# Numpy

NumPy is a library for the Python programming language, adding support for large, multi-dimensional arrays and matrices, along with a large collection of high-level mathematical functions to operate on these arrays.

### Resources
 * https://numpy.org/learn/ Tutorial
 * https://numpy.org/doc/stable/reference/generated/numpy.set_printoptions.html print options


## Basics

In [None]:
import numpy as np 

In [None]:
## Converting list to numpy array
lis = [1, 2, 3, 4]
lis2 = np.array(lis)

print(type(lis))
print(type(lis2))

In [None]:
## The arange function
np.arange(0, 3, 0.4)      ## np.arange(start, stop, step)

In [None]:
## Example of homogenity

a = np.array([0,'a',1.5])
a.dtype.name

In [None]:
my_matrix = [[1,2,3],[4,5,6],[7,8,9]]
my_matrix

In [None]:
np.array(my_matrix)

### Zeros and Ones

In [None]:
np.zeros(3)

In [None]:
np.zeros((3,3))

In [None]:
print(np.ones(3))
print('\n',np.ones((3,3)))

In [None]:
## Identity matrix

np.eye(4)

### Linspace

In [None]:
np.linspace(0, 10, 3)   ### np.linspace(start, stop, number of data points)

In [None]:
np.linspace(-1,1,20)

### Random

#### rand

Creates an array of the given shape and populates it with random samples from a uniform distribution over [0, 1)

In [None]:
print(np.random.rand(2))
print('\n',np.random.rand(2,2))

### randint
Returns random integers from `low` (inclusive) to `high` (exclusive).  [[reference](https://docs.scipy.org/doc/numpy-1.15.0/reference/generated/numpy.random.randint.html)]

In [None]:
print(np.random.randint(1,25))

np.random.randint(1,100,10)

### seed
Can be used to set the random state, so that the same "random" results can be reproduced. [[reference](https://docs.scipy.org/doc/numpy-1.15.0/reference/generated/numpy.random.seed.html)]

In [None]:
np.random.seed(100)
np.random.rand(4)

In [None]:
np.random.seed(100)
np.random.rand(4)

In [None]:
np.random.seed(10)
np.random.rand(4)

In [None]:
np.random.seed(10)
np.random.rand(4)

### Reshape

In [None]:
a = np.arange(16)
print(a,'\n')
print(a.reshape(4,4),'\n')
print(a.reshape(2,8))

### max, min, argmax, argmin

These are useful methods for finding max or min values. Or to find their index locations using argmin or argmax

In [None]:
arr = np.random.randint(0,50,10)

print(arr,'\n')
print('max: ', arr.max(),'\n')
print('min: ', arr.min(),'\n')
print('argmax: ', arr.argmax(),'\n')
print('argmin: ', arr.argmin(),'\n')

### Indexing

In [None]:
a = np.random.randint(10,39,10)

print(a)
print(a[5])
print(a[1:5])

In [None]:
#Setting a value
a[5] = 9
a

In [None]:
a = np.array(([1, 2, 3],[4, 5, 6],[7, 8, 9]))

a[2, 1]

In [None]:
#Shape (2,2)
a[:2,:2]

## Operations

In [None]:
a = np.arange(10)

print('add \t \t: ',a + a)
print('add integer \t: ',a + 8)
print('Substract \t: ',a - 2)
print('multiply \t: ',a * a)
print('power \t\t: ',a ** 2)

In [None]:
a = np.arange(1, 11)

# Taking Square Roots
print('square root: \n',np.sqrt(a))

# Calculating exponential (e^)
print("\n\nExponential: \n",np.exp(a))

# Trigonometric Functions like sine
print('\n\nTrigonometric function: \n',np.sin(a))

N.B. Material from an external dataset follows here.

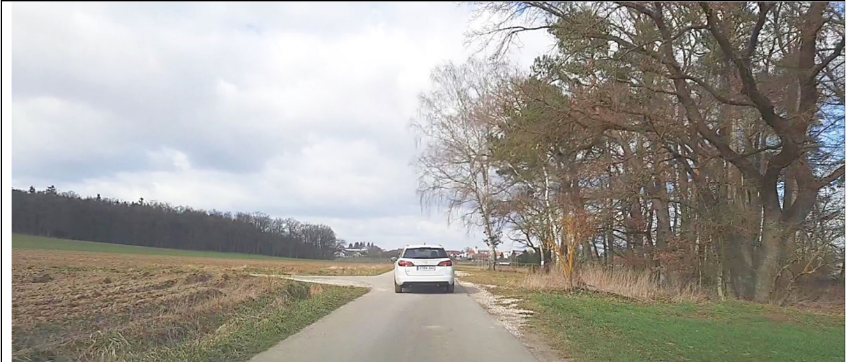
Bild 2: Standort bei Bau-km 0+025 mit nördlicher Blickrichtung auf ländlichen Weg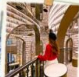
ร้านหนังสือ

# Taking the Natural Logarithm
print("\n\nNatural Log: \n",np.log(a))

In [None]:
a = np.arange(1, 11)

# Taking Square Roots
print('square root: \n',np.around(np.sqrt(a),3))

# Calculating exponential (e^)
print("\n\nExponential: \n",np.around(np.exp(a),3))

# Trigonometric Functions like sine
print('\n\nTrigonometric function: \n',np.around(np.sin(a),3))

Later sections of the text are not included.